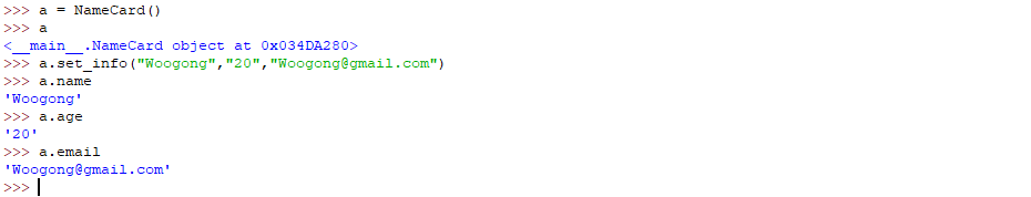 a라는 변수에 클래스를 씌운후, 아래와 같이 콘솔에서 명령어를 치게 되면 a라는 클래스변수에 어떤 내용들이 들었는지 확인가능.
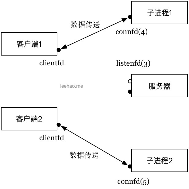 图4:服务器派生另一个子进程为新的客户端服务
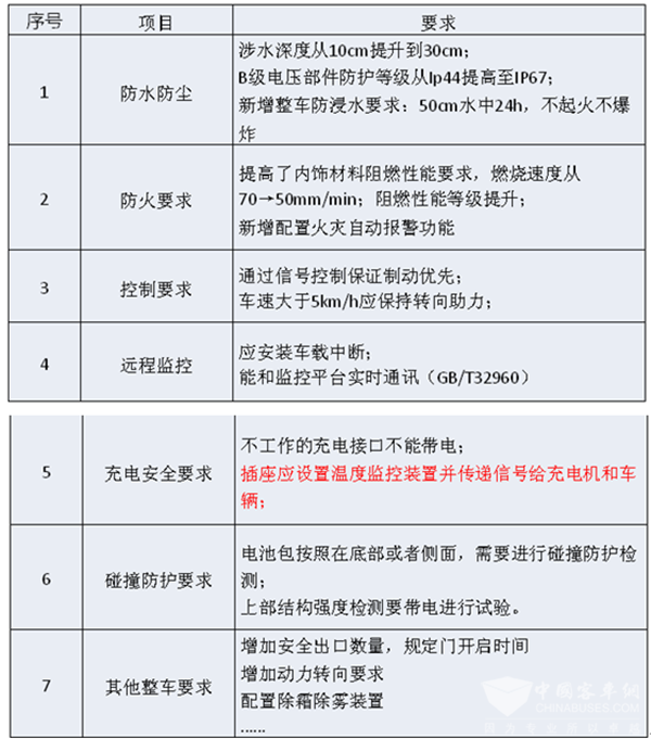 从人员触电防护、火灾防护、事故处理、乘员逃生、整车结构、远程监控、电池热失控、热扩展、客车碰撞等方面增加要求。
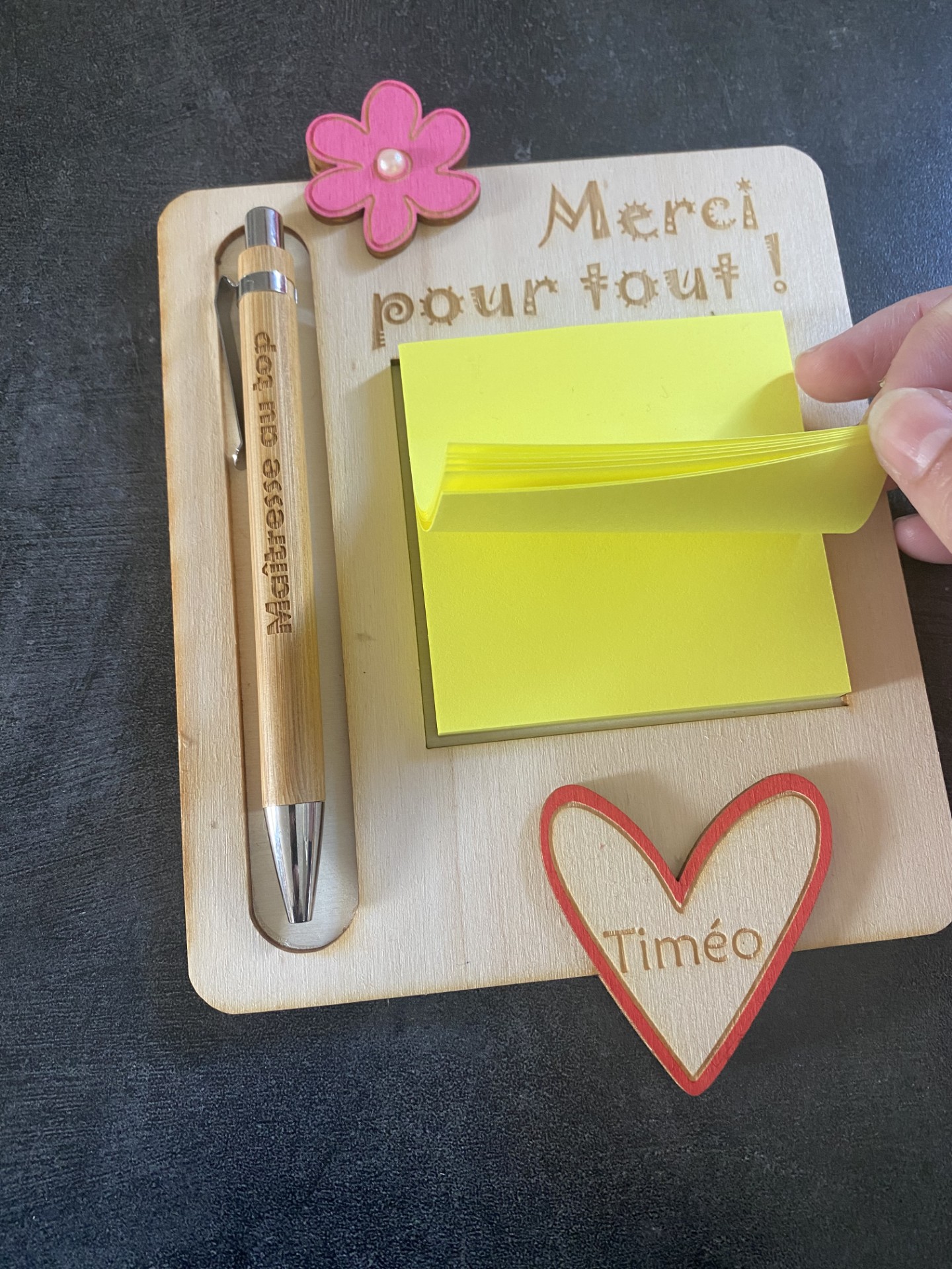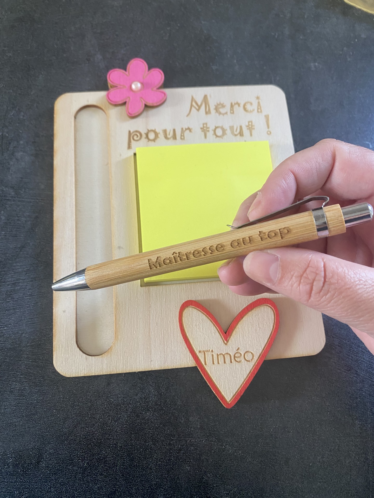 Vous avez la possibilité de changer le texte sur le support ainsi que sur le stylo.
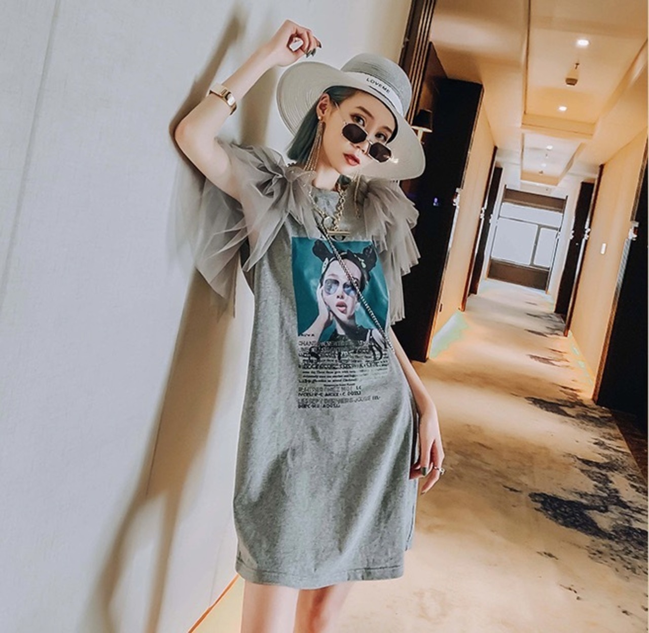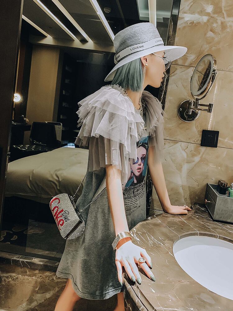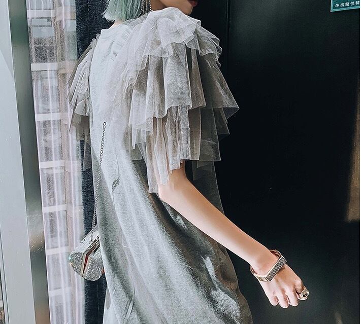 ワンピース Tシャツ カットソー ビッグT ワンピドレス 膝丈 ひざ丈 袖あり 半袖 ラウンドネック クルーネック 襟なし ストレート ワイド 切り替えデザイン プリーツ レース チュール 切り替えデザイン 異素材MIX 大人可愛い カジュアル おしゃれ かっこいい 大人可愛い 大人女子 ラフ マニッシュ 個性的 クール モード系 主役級 無地 柄 プリント 夏 レディース 女性 デート お出かけ 女子会 韓国 オルチャン ファッション スタイル インスタ映え サイズ ビッグサイズ ゆったり グレー
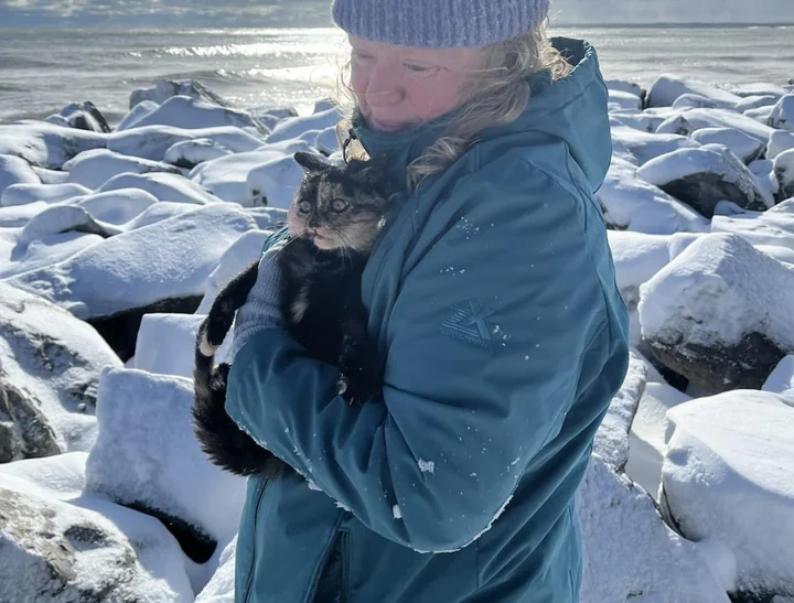 While the icy wind whipped around them, they found the kitten hiding in the rocks now covered in snow, but they couldn’t reach in far enough to get her. “Karen came up with a brilliant idea.”
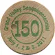 | Reverse lettering | Wooden Nickel Happy 150th Grand Valley |
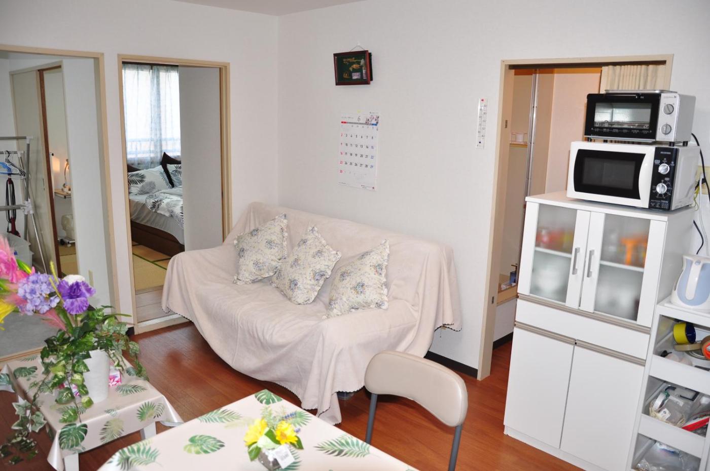Two-Bedroom Apartment. This air-conditioned apartment comes with 1 living room, 2 separate bedrooms and 1 bathroom with a bath. Meals can be prepared in the kitchen, which features a stovetop, a refrigerator, kitchenware and a microwave. The apartment features a washing machine, tatami, a tea and coffee maker, a sofa, as well as a flat-screen TV. The unit has 3 beds and 3 futons. ;
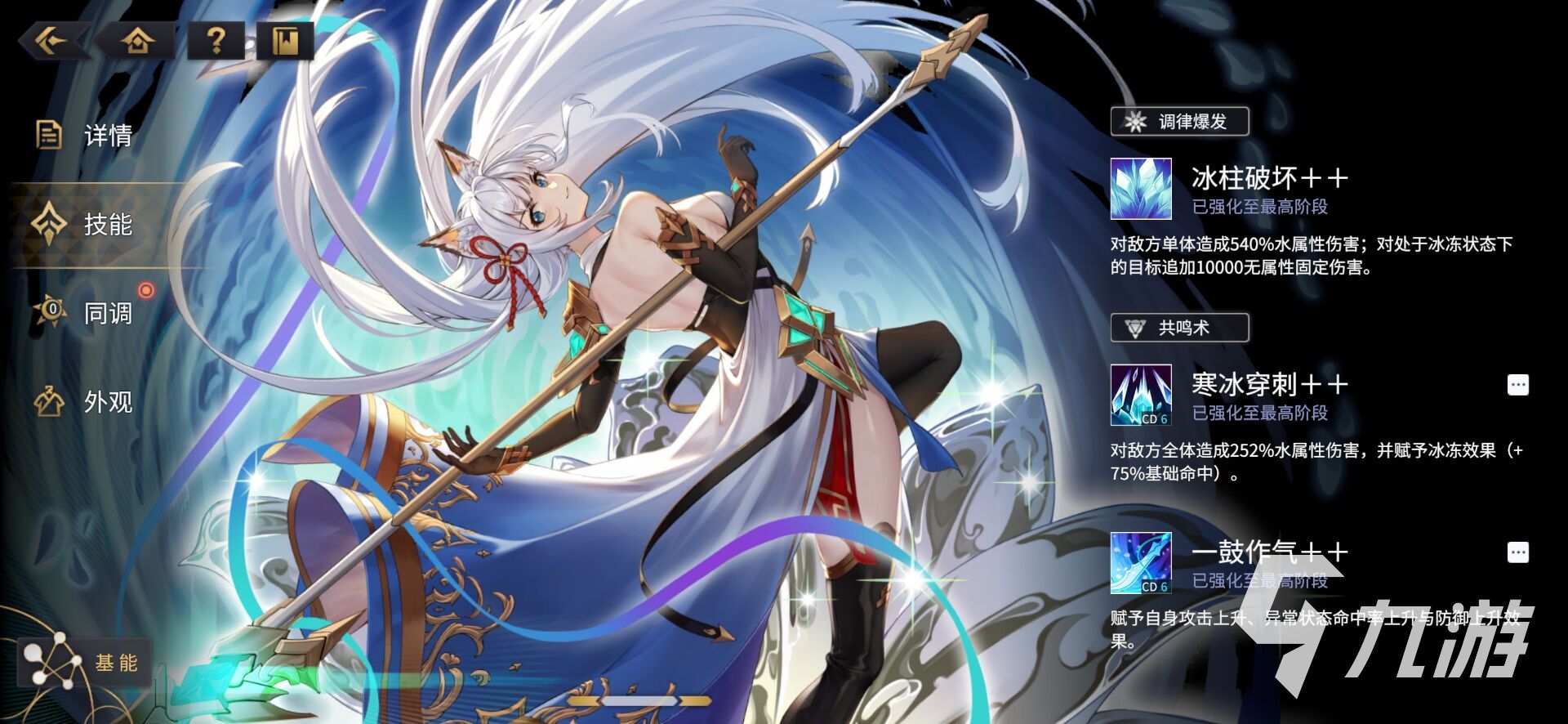 六花共鳴術(shù)強(qiáng)度:寒冰穿刺也就是她的一技能可以對敵方全體造成水屬性傷害的同時,有很高的命中率給敵方全體施加冰凍效果,這再配合上奧義爆發(fā)技能,所打出來的傷害有多恐怖就不用多說了吧,尤其是水隊的其他角色,也有冰凍的效果,可以幫助六花最大化它的傷害。

» Activity
Return exactly the lines starting at the line with "从人员触电防护、火灾防护、事" and ending at the last line of the listing, both ends included; pictures are to be left out.

» Task answer
 从人员触电防护、火灾防护、事故处理、乘员逃生、整车结构、远程监控、电池热失控、热扩展、客车碰撞等方面增加要求。
 Vous avez la possibilité de changer le texte sur le support ainsi que sur le stylo.
 ワンピース Tシャツ カットソー ビッグT ワンピドレス 膝丈 ひざ丈 袖あり 半袖 ラウンドネック クルーネック 襟なし ストレート ワイド 切り替えデザイン プリーツ レース チュール 切り替えデザイン 異素材MIX 大人可愛い カジュアル おしゃれ かっこいい 大人可愛い 大人女子 ラフ マニッシュ 個性的 クール モード系 主役級 無地 柄 プリント 夏 レディース 女性 デート お出かけ 女子会 韓国 オルチャン ファッション スタイル インスタ映え サイズ ビッグサイズ ゆったり グレー
 While the icy wind whipped around them, they found the kitten hiding in the rocks now covered in snow, but they couldn’t reach in far enough to get her. “Karen came up with a brilliant idea.”
 | Reverse lettering | Wooden Nickel Happy 150th Grand Valley |
Two-Bedroom Apartment. This air-conditioned apartment comes with 1 living room, 2 separate bedrooms and 1 bathroom with a bath. Meals can be prepared in the kitchen, which features a stovetop, a refrigerator, kitchenware and a microwave. The apartment features a washing machine, tatami, a tea and coffee maker, a sofa, as well as a flat-screen TV. The unit has 3 beds and 3 futons. ;
 六花共鳴術(shù)強(qiáng)度:寒冰穿刺也就是她的一技能可以對敵方全體造成水屬性傷害的同時,有很高的命中率給敵方全體施加冰凍效果,這再配合上奧義爆發(fā)技能,所打出來的傷害有多恐怖就不用多說了吧,尤其是水隊的其他角色,也有冰凍的效果,可以幫助六花最大化它的傷害。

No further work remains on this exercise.